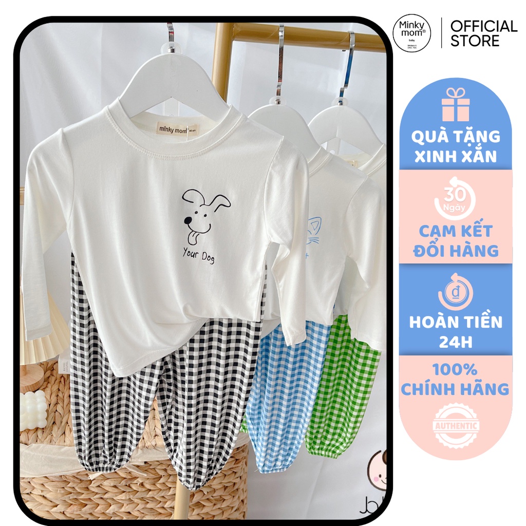 Giới thiệu [SALE] Bộ Thun Lạnh Dài Tay Alibaba Cho Bé Trai, Bé Gái Minky Mom In Ngực Quần Caro, Đồ Bộ Cho Bé Mặc Nhà MKMTD2214
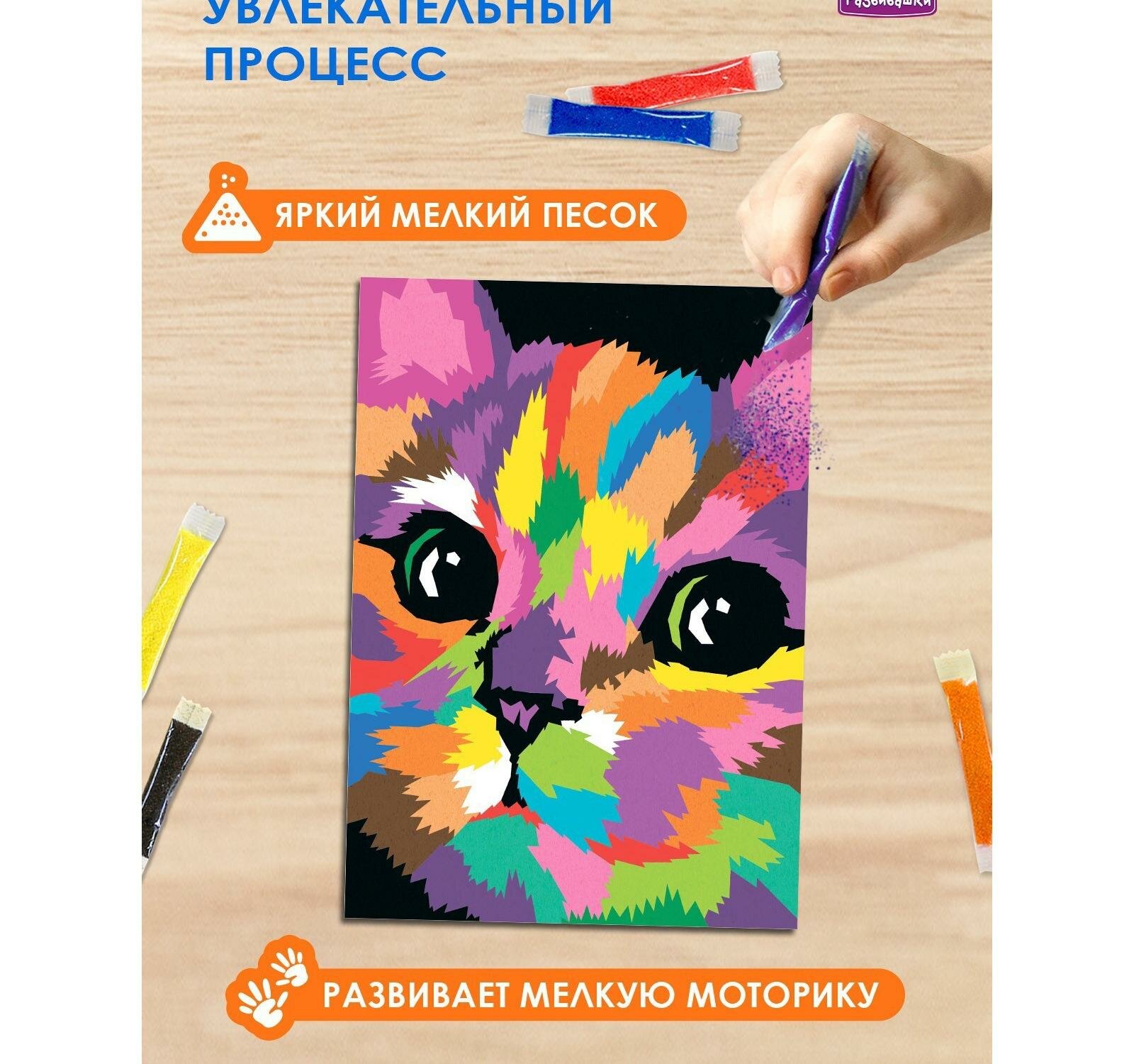 Фреска из цветного песка А4 Игривый котёнок С1927 Развивашки 9934210 . интересное:
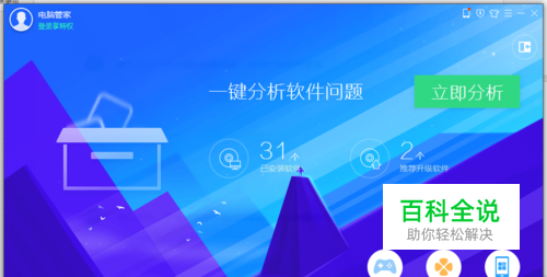 先在电脑里面下载并打开电脑管家,选择软件分析
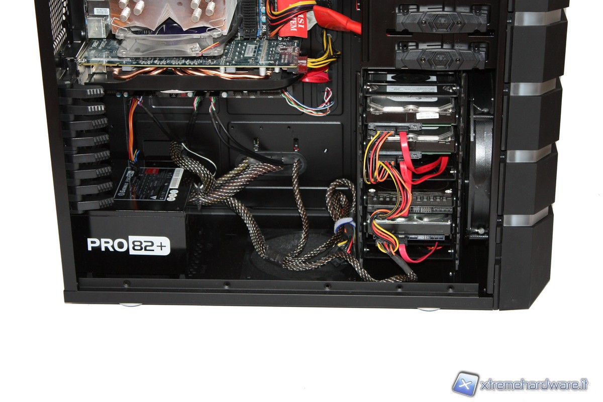 Come potete vedere dalle seguenti immagini abbiamo ottenuto una disposizione ottimale dei cavi di alimentazione anche installando 4 HD e una 5870, lo spazio che ci “avanza” internamente per poter lavorare è davvero tanto.
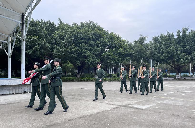 早上6:50,在铿锵有力、整齐划一的脚步声中,国旗护卫队护送五星红旗缓缓进场,全体师生齐唱国歌,行注目礼。最后,彭聪副书记作国旗下讲话。他提到,作为新时代老员工,要明白自己肩上的责任与义务,做到铭记历史,砥砺奋进,肩负起实现伟大复兴中国梦的重任。同时,要增强体魄,珍爱生命;遵守公司规章制度,抵制不良诱惑;努力备考专业技能证,通过参加老员工职业规划大赛提前树立就业目标。最后,彭聪宣读《关于表彰2022-2023学年优良学风班的决定》,并为获奖班级代表颁发荣誉牌匾。
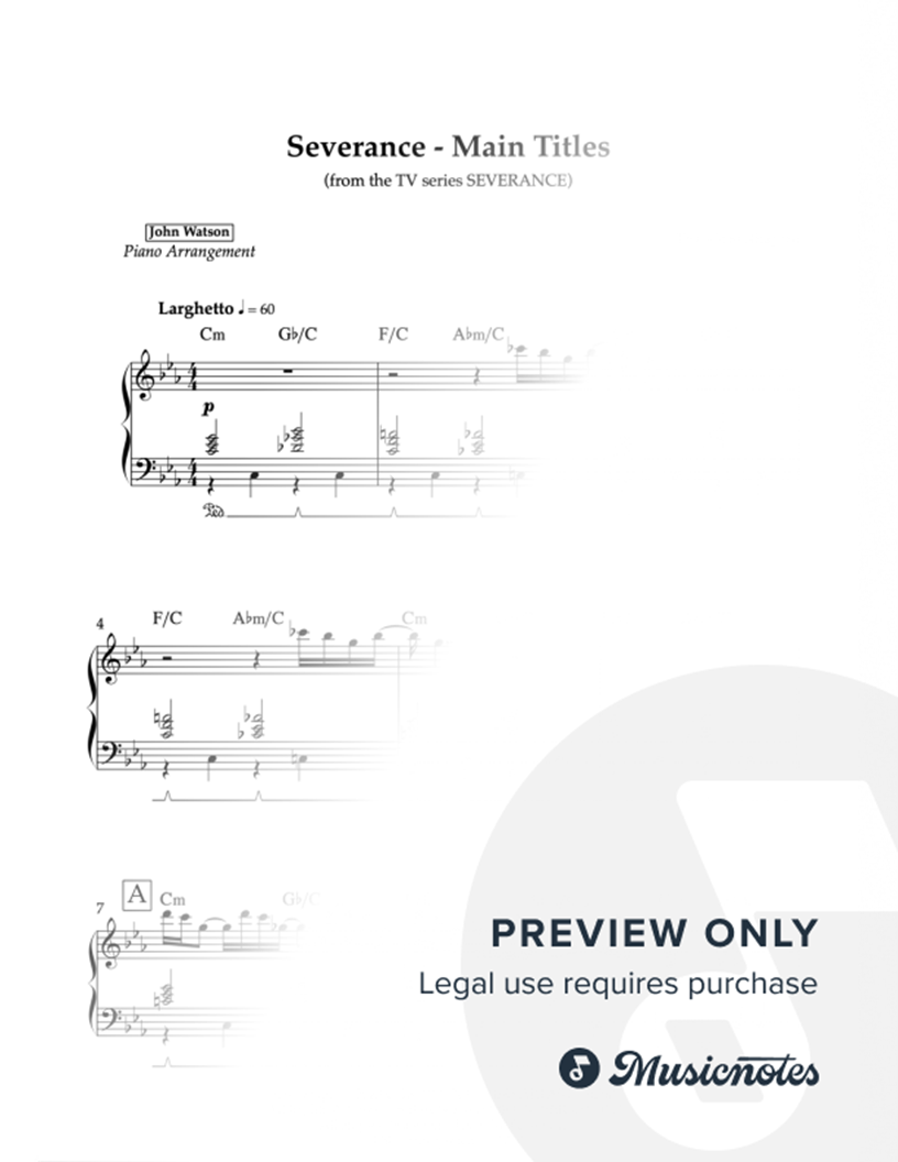 A dramatic arrangement of the haunting Main Titles theme from the TV series 'Severance'. The tempo marking is Larghetto (approximately 60 BPM).
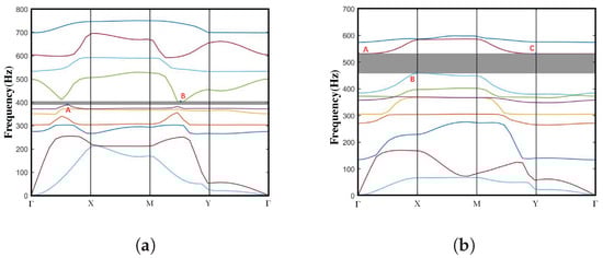 where and represent the frequencies of the upper and lower bandgap edges, respectively. Usually, the band structure of a unit cell consists of numerous branches. In this paper, the energy band structure curve consists of 10 branches.
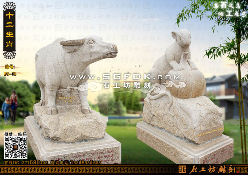 生肖雕塑石雕牛石雕鼠
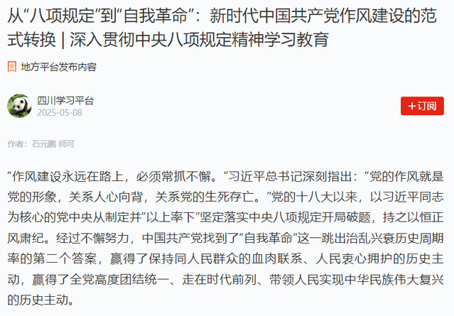 2025年5月8日,《学习强国》四川学习平台刊发了bevictor伟德团委书记、伟德bv国际体育党委副书记、纪委书记石元鹏与伟德bv国际体育研究生师可撰写的题为“从‘八项规定’到‘自我革命’:新时代中国共产党作风建设的范式转换 ”的理论阐释文章。5月18日,北京科技大学思想政治工作研究院的“思政热点”公众号进行了转发。全文如下:
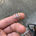 We use 100% recycled precious metals, Canadian-mined diamonds, Montana-mined sapphires, and recycled African-mined diamonds sourced from vintage jewelry. Learn more here.
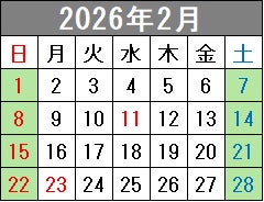 2026年1月24日(土)~2026年2月28日(土)のうち、毎週土曜日・日曜日

========

◆ YOUR GOAL:
Reproduce the span beginning at the line with "We use 100%" and ending at the last line of the entries above, inclusive, exactly as it stands. Exclude the pictures.

◆ PROBLEM SOLUTION:
 We use 100% recycled precious metals, Canadian-mined diamonds, Montana-mined sapphires, and recycled African-mined diamonds sourced from vintage jewelry. Learn more here.
 2026年1月24日(土)~2026年2月28日(土)のうち、毎週土曜日・日曜日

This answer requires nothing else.